Cons: Will have to be social with a bunch of people, whom the majority of I won’t know.
It was obvious that the pros outweighed the cons (by an iota). I figured that this would be good for me though. I believed when I left Florida, I left the Old-Shy-Jamie behind. The New-Not-As-Shy Jamie would enjoy social gatherings.
And so, I, the new Jamie, obliged to go.
I’m glad I did go. There was plenty of food as expected, and I wasn’t alone. And moving to a new place where I didn’t know anyone actually turned out to be a great conversation starter. I gave the low-down each time I would meet someone new so many times, I had it memorized so well that I appeared to be an eloquent speaker.
Before leaving Florida, I never gave much thought about what I’d do for the holidays. That was the least of my worries. When I was in Portland, not being at home for Thanksgiving wasn’t a big deal. Being an introvert, I tend to be okay alone anyway.
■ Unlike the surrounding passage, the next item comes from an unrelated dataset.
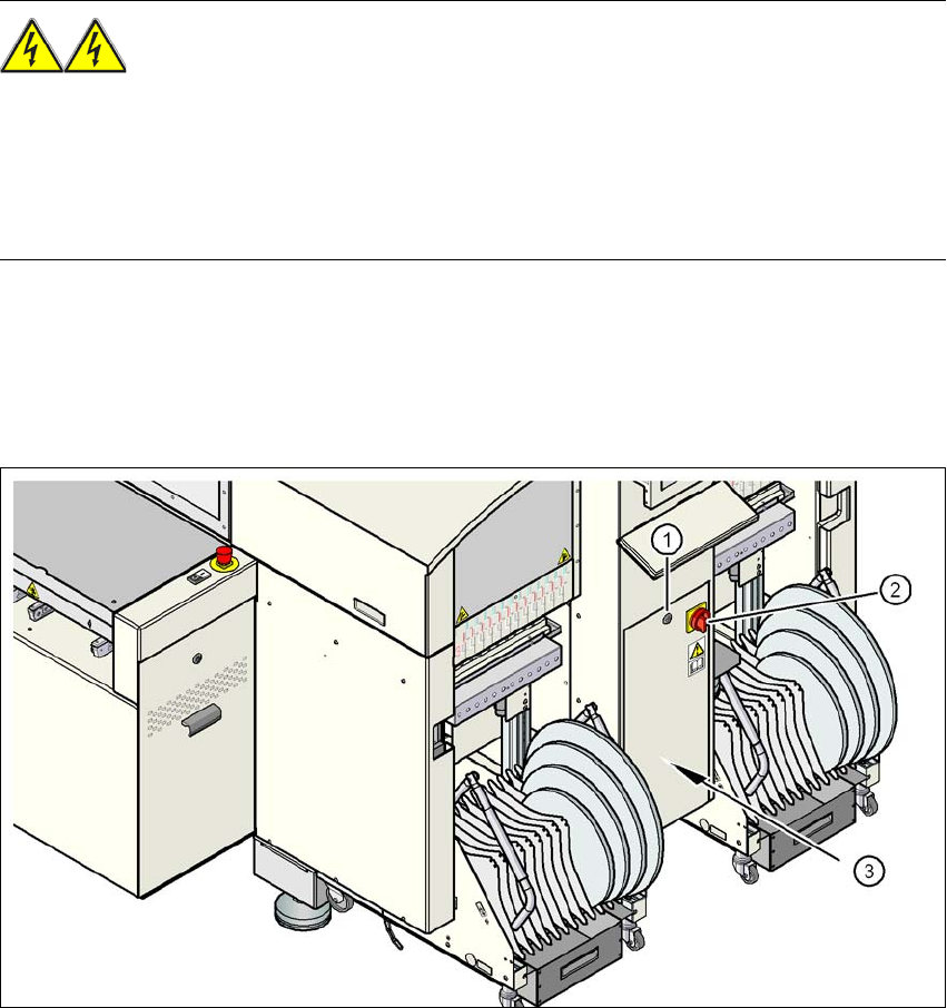 2 Operational safety User manual SIPLACE D4 2.6 Safety equipment From software version SR.605.xx 07/2008 EN Edition 72 2.6.5 Guard on the com ponent trolley locations WA R N I N G 2 All locations must be equipped with fe…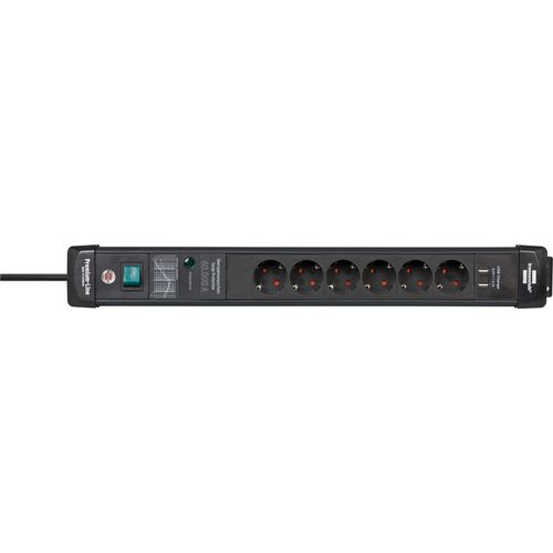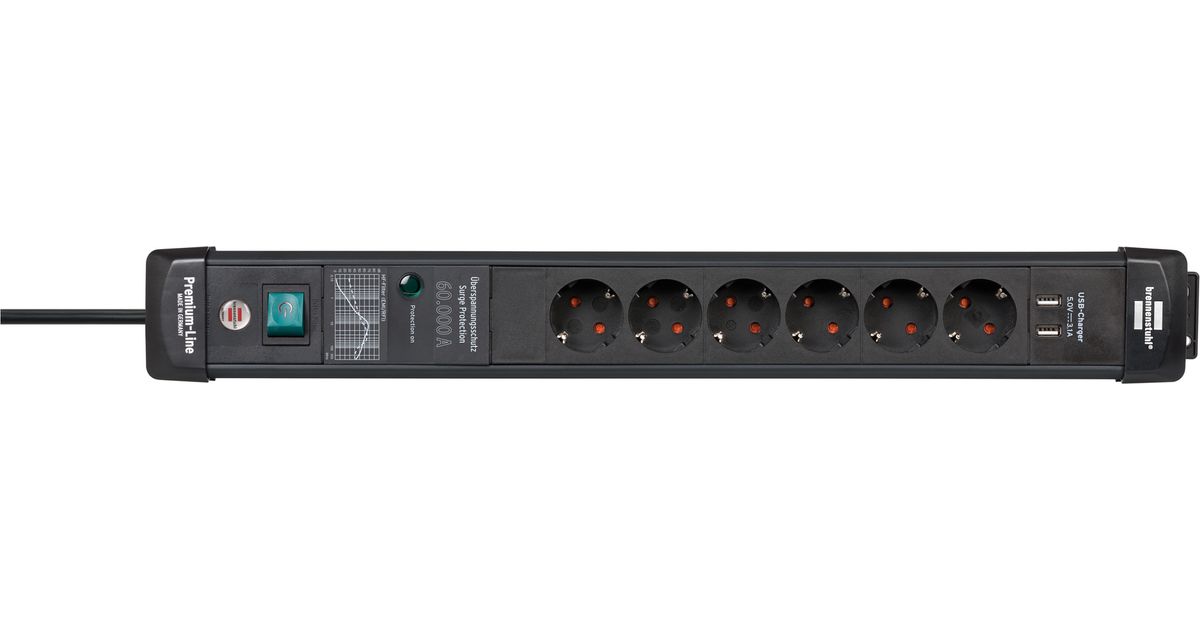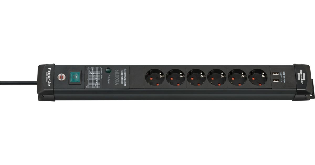 The Premium-Line 6 multiple socket strip with 2 USB charging sockets and 3m cable serves as safe protection for your connected devices against disturbances in the power grid, such as surges, indirect lightning strikes or line noise, with a maximum sum of leakage currents of up to 60.000 A. The power strip with 60.000 A surge protection not only has increased protection against accidental contact, but also impresses with the following features:

Christmas came along, and I still didn’t go home. I wasn’t going to be all alone though. This would be the first Christmas that Daniel and I celebrated together. As a matter of fact, it was the first time we were meeting one another. (I know, I know. It was a bit of a risk to spend a holiday with someone you hadn’t met in person, but it’s safe to say all went well.) Christmas, New Year’s, and 2012 rolled around.
By the time we knew it, we were in Korea together.
For a majority of US holidays, I was fine with not being home: July 4th, my birthday, Easter. But then it was already November, and my third Thanksgiving away from Florida was approaching.
For some reason it felt especially hard. Likely because I was in a foreign country where that holiday wasn’t even celebrated. While all my friends were posting on social media what they were thankful for or uploading photos of their family getting together, I couldn’t help but feel a bit envious of them. For once, I wanted to be back in the place I once called home, the place I grew to loathe, to be back with my family.
But I was in Korea, and it was just a regular old Thursday: I got up to go to work for 9 hours to deal with annoying children. I was even a bit irked for no one at work knowing what day it was. Why weren’t they wishing me a Happy Thanksgiving?! Was that selfish of me?
When I celebrated in Portland, I was at least still able to talk to my mom, get the day off, and eat a proper Thanksgiving dinner, like everyone else. I didn’t feel so left out.
At least for Christmas and New Year’s in Korea, I had Daniel to commiserate with. But this was just a normal Thursday for him because he’s English and all. We came home after our long day of work, exhausted, and had curry take out.
That was how I spent my Thanksgiving in Korea.
This Thursday will be my fourth Thanksgiving away from Florida. My second time in a country where the holiday isn’t celebrated. It’ll be just another Thursday.
To be an expat or long-term traveler, you need to give up a few things in order to live a life abroad, holidays with your family (and flavored coffee creamer) included. But you know what? I wouldn’t trade it for the world. I’m so thankful to be where I am at.
And besides, I’m not completely alone. Daniel is my family now.
Have you ever spent the holidays alone? What do you do when you’re feeling lonely during the holidays?